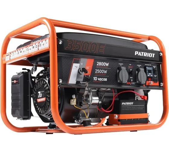Бензогенератор Patriot GRS 3500E (электростанция открытого типа) 2.8/2.5 кВт, четырехтактный двигатель 210 см3, топливный бак на 15 л, комбинированный стартер (ручной и электро), 78 дБ, однофазный
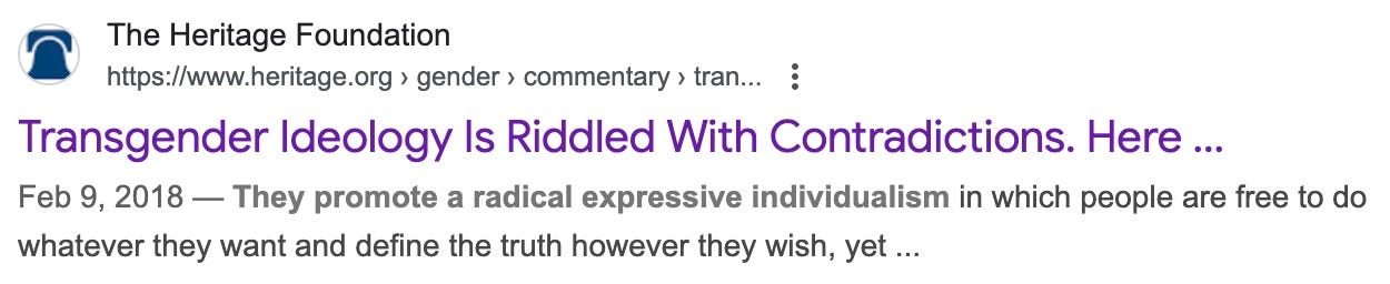 really, Heritage Foundation? ‘they promote a radical expressive individualism in which people are free to do whatever they want’?
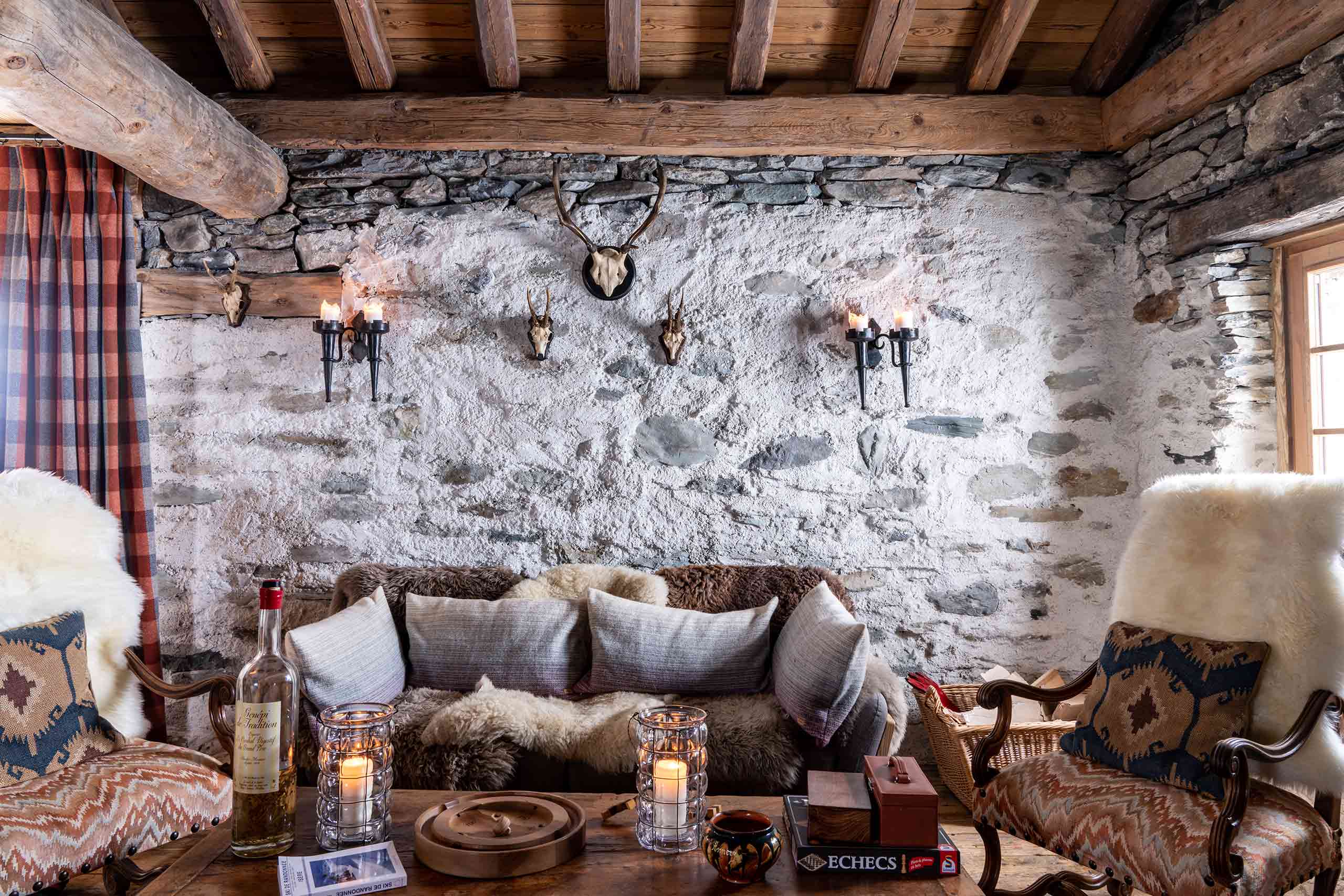 Her touch is visible in Chalet Hibou too, which is decked out in a style that is utterly in keeping with its French Alpine aesthetic, while at the same time carefully incorporating all the comforts a seasoned American luxury traveller might expect in their high-end Aspen condo. Pen portraits of Napoleon’s generals adorn the walls, old maps figure prominently, while stags’ heads and stuffed birds add a hunting-lodge vibe. It is the kind of place you could imagine Henri IV himself coming pour la chasse – if he’d lived in the 21st century, washed his hands with Aesop soaps and been partial to a detoxifying ginger shot for breakfast each morning.
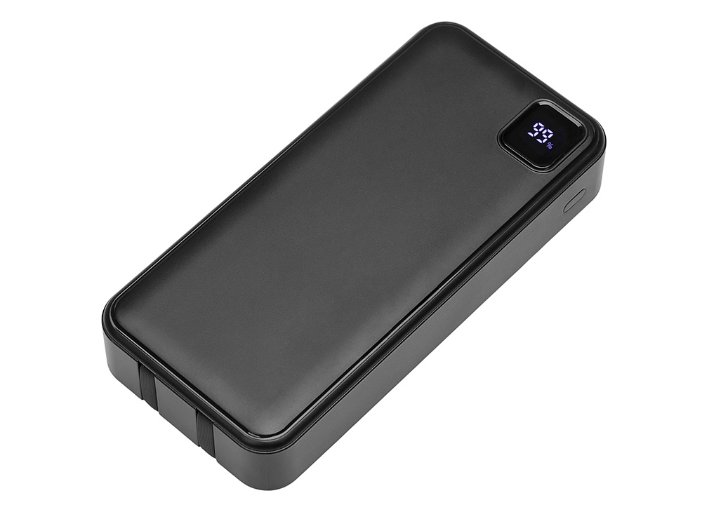 Внешний аккумулятор со встроенными кабелями Фрэйм Про, быстрая зарядка, 20000мач, черный

■ ■ ■

Task:
The result should be an exact copy of the material, containing no pictures.

Solution to the exercise:
Бензогенератор Patriot GRS 3500E (электростанция открытого типа) 2.8/2.5 кВт, четырехтактный двигатель 210 см3, топливный бак на 15 л, комбинированный стартер (ручной и электро), 78 дБ, однофазный
 really, Heritage Foundation? ‘they promote a radical expressive individualism in which people are free to do whatever they want’?
 Her touch is visible in Chalet Hibou too, which is decked out in a style that is utterly in keeping with its French Alpine aesthetic, while at the same time carefully incorporating all the comforts a seasoned American luxury traveller might expect in their high-end Aspen condo. Pen portraits of Napoleon’s generals adorn the walls, old maps figure prominently, while stags’ heads and stuffed birds add a hunting-lodge vibe. It is the kind of place you could imagine Henri IV himself coming pour la chasse – if he’d lived in the 21st century, washed his hands with Aesop soaps and been partial to a detoxifying ginger shot for breakfast each morning.
 Внешний аккумулятор со встроенными кабелями Фрэйм Про, быстрая зарядка, 20000мач, черный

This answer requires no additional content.